The representations of Europeans by the terracotta artists often embodied the anxieties of Bengal rural society regarding foreign penetration and colonial rule. The depictions of the Europeans, particularly white men, almost always have an element of violence, articulated through the use of the gun, the canon, the cane, the scenes of hunting and fighting, the forceful confinement of natives in the slave ships manned by rifle wielding guards and finally the sexual exploitation of native women.
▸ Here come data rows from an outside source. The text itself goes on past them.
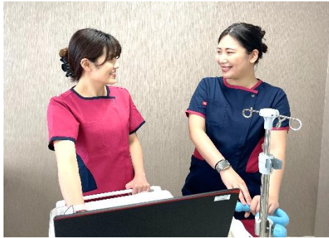
自己完結からパートナーと一緒に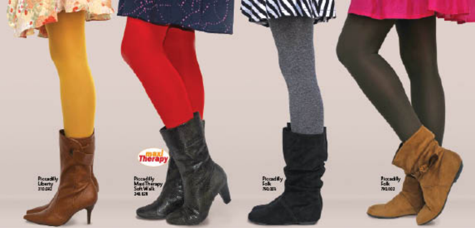
Piccadilly Liberty 310.002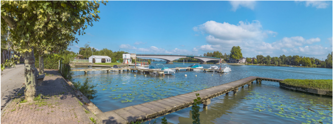
Le port et le pont de Saint-Romain, vus depuis la rive droite.

71, Saint-Symphorien-d'Ancelles route départementale 166, lieudit : Saint-Romain-des-Iles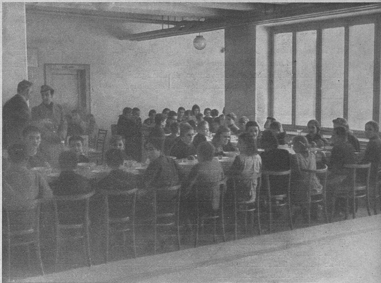
Una bella nidiata V prijetnem zaposljenju

Tajnik Stranke, kot vrhovni Poveljnik G. I. L.-a, je odredil z okrožno brzojavko vsem podrejenim Zveznim Poveljstvom Kraljestva, da naj se nadaljuje s šolskimi kuhinjami v vseh pokrajinah do konca šolskega leta. Po tem ukrepu bo uživalo v Ljubljanski pokrajini dobroto šolskih obedov še nadalje šest tisoč gojencev, ki so posebno potrebni pomoči.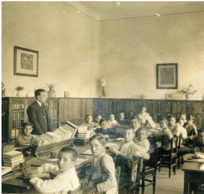
PHOTOGRAPH 2. School «Cervantes», circa 1930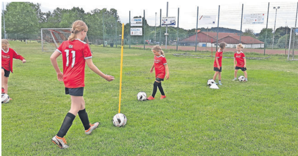
Auf dem Programm der 22 Mädchen standen unter anderem Pass- und Dribbelübungen.

Mit viel Mühe trafen die Verantwortlichen rund um Bender die Vorbereitungen. Angefangen mit den extra angeschafften mobilen Handwaschbecken, personalisierten Sitzplätzen, mit Namen versehenen Hütchen, die mit Abstand auf den Platz gelegt wurden, der als täglicher Treffpunkt mehrmals am Tag angesteuert wurde. Die 22 Mädels zwischen sechs und 13 Jahren trainierten das komplette Wochenende getrennt in zwei Gruppen. Beide Teams hatten jeweils einen Ort auf dem Sportplatz, der von keinem anderen be-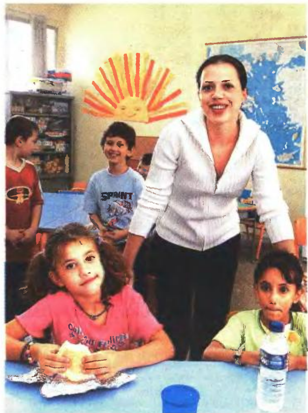
Ο νηπιαγωγός -μετά τους γονείς- είναι το βασικό πρόσωπο που διαδραματίζει καθοριστικό ρόλο στη διαπαιδαγώγηση και κοινωνικοποίηση του παιδιού

Καθώς έχει μεγαλύτερη σημασία «η γνώση των τρόπων πρόσβασης στη γνώση» κι όχι η κατανάλωση «καθιερωμένων» γνώσεων, παρέχεται η δυνατότητα, ώστε ένα μέρος των σπουδών να γίνει μέσα από ειδικά σχεδιασμένα, χρονικά περιορισμένα ερευνητικά προγράμματα. Διερευνώντας πραγματικά προβλήματα, σε άμεση επαφή με τους/τις διδάσκοντες/ουσες, οι φοιτητές και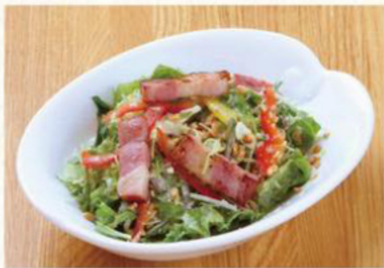
シーザーサラダ(ミニ) 370円 (税抜) [ 407円(税込) ]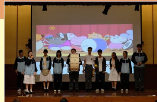
All S1-S3 classes gathered at the hall and performed for one of the most eye-catching English Fest activities, Storytelling Competition.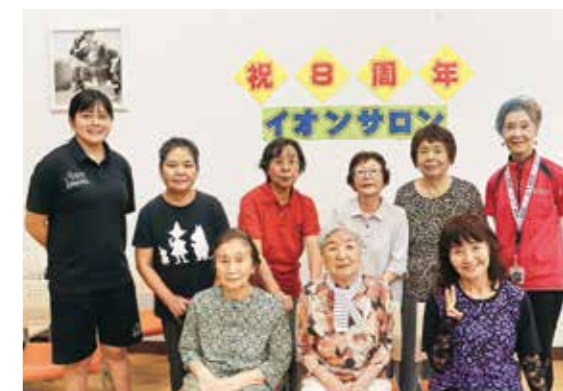
8周年記念プログラム参加者の記念写真

東日本大震災の被災地区を含む住民の心身の健康維持、コミュニティ形成、生きがいづくりや見守り支援などを行う「ご近所さえあひ復興事業(イオンサロン)」が8周年を迎え、記念プログラムが行われました。このサロンは、高齢者の閉じこもりやフレイル予防、新たな仲間づくりなどにつながっており、参加者は体力測定で日頃の運動の成果を発揮し、脳トレゲームなどに楽しく取り組みました。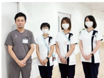
新しい力が加わりました

当院は昭和21年の開業以来、かかりつけ医として、地域に根ざした信頼される医療機関を目指してきました。看護部では当法人の理念の根源である「医療・看護・介護の基本は“人”であり、古来より赤ちゃんを慈しむ母の手にある」という思いを実践するため、職員個々の生活も大切にしながら、患者さん・ご家族の笑顔を看護の喜びとし、日々努力を重ねています。病院は地域包括ケア病棟38床と療養病棟30床で、併設の施設として老人保健施設50床と通所リハビリ、訪問看護ステーション・居宅介護事業所を有しています。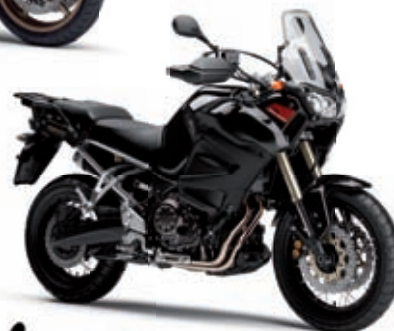
XTZ1200 '11 13990 € TTC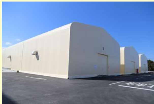
焼却後の灰を保管する施設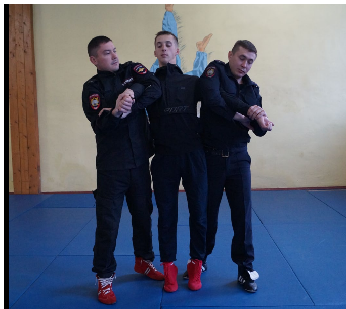
Фото № 13

Before the influx of the memsahebs and the colonial cultivation of a social and sexual distance from the empire, European men routinely extracted domestic, sexual and reproductive labor from the native women with whom they cohabited before abandoning them and returning to Europe[ix]. This practice must have generated tensions in the native society and we see this fear captured by the terracotta artists on the temple walls of Hadol Narayanpur, Halisahar, Kamarpukur and Hetampur (Images.23, 24).
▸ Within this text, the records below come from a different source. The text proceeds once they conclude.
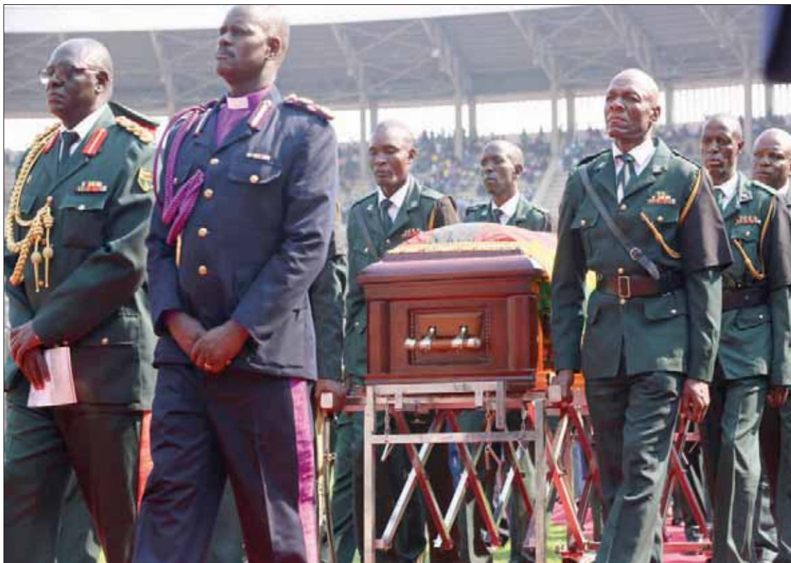
جثمان رئيس زيمبابوي السابق محمولاً إلى مثواه الأخير

● وُلد روبرت غابرييل موغابي في 21 فبراير (شباط) 1924، في بعثة التبشير الكاثوليكية في كوتاما (وسط)، وقد وُصف بأنه طفل وحيد ومخاير يراقب المشاهدة وهو بقرا. وبينما كانت تراهوه فكرة أن يصبح قسا، دخل سلك التعليم بعدما أفرته الماركسية، اكتشف موغابي السياسة في جامعة «فور هاري» التي كانت المؤسسة الوحيدة المفتوحة للسود في جنوب أفريقيا في نظام الفصل العنصري. في 1960 التحق بالانضال ضد الحكم الأبيض والعنصري في روديسيا. وقد أوقف بعد أربع سنوات وأُضفي في السجن عشر سنوات جعلته يتعمر بمرارة كبيرة. فقد رفضت السلطات السماح له بالمشاركة في تشييع ابنه البالغ من العمر 4 سنوات درجة كبيرة.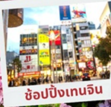
ช้อปปิ้งเทนจิน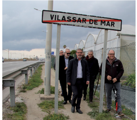
Visita sobre el terreny

D'altra banda, els consistoris veïns també estan d'acord en millorar el camí que, a la banda interior de la carretera N-II, uneix el barri de Can Pou-Camp de Mar, de Premià de Mar, amb el Mercat de Flor i Planta, a Vilassar de Mar, un camí molt freqüentat sobretot els diumenges quan es fa el mercat a l'aire lliure a l'exterior de les instal·lacions del Mercat de Flor. Els consistoris volen consolidar aquest camí per tal de millorar la seguretat dels vianants que el transiten.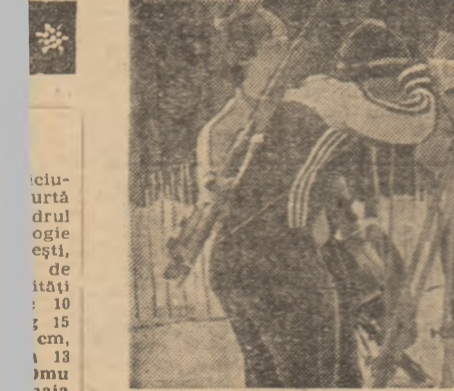
Pe Valea Râșnoavei, zăpada căzută în aceste zile a permis bizoniștilor să se antreneze intens, știut fiind că și de pregătirea în condiții specifice depind rezultatele viitoare. Un punct important în programul de antrenamente îl constituie „poligonul”, raidurile de aici fiind „egale” cu numeroase secunde în plus, și locuri în minus în clasamen- tă, ceea ce... lată-l, deci, pe componenții lotului național verifi- cind, după una din trecerile prin poligon, rezultatele obținute.

The ‘native gaze’ not only personified popular fears and anxieties regarding colonial rule in the figure of the European, but few terracotta temple carvings can also be interpreted as embodying elements of subversion and derision. The representation of life size European terracotta soldiers as dwarpals or guards in the temples of Senhat and Kenduli (Image.25) can be perhaps read as attempts to inverse the colonial power structure and racial hierarchy. The same can be said of the European dwarpals carved on wood in the Durga dalan of Sripur, some of whom resemble knights with shields (Image.26). Again, the excessively coordinated rhythmic marching of the European soldiers with guns depicted on the friezes of the Kalikapur, Malancha and Jhikira temples may be interpreted as a mockery of the colonial disciplinary measures imposed on the empire (Image.27). The depiction of sahebs as drunkards on some terracotta plaques and particularly a panel on the Kalikapur temple depicting a memsaheb accompanied by a donkey could also have satirical implications[x] (Image.28).

 The de-eroticization of the memsahebs in the terracotta plaques is also interesting and may be suggestive of the perception of white women in the gaze of the natives. Feminist art historians have pointed out that colonial visual representations not only exoticized but simultaneously eroticized native women[xi]. The colonial imaging of native women had to meet both ethnographic and voyeuristic interests of a colonial white male gaze[xii]. In native representations too, local women were often sexualized as the ideal spectator was always assumed to be male. So, in the terracotta panels we sometimes find local women made to put up their sexuality for display or sometimes engaged in amorous or sexual acts with either native or European men. However, memsahebs on the terracotta panels are never depicted in compromising postures and their desexualization in the ‘native gaze’ is perhaps symbolic of their sexual non-availability to native men.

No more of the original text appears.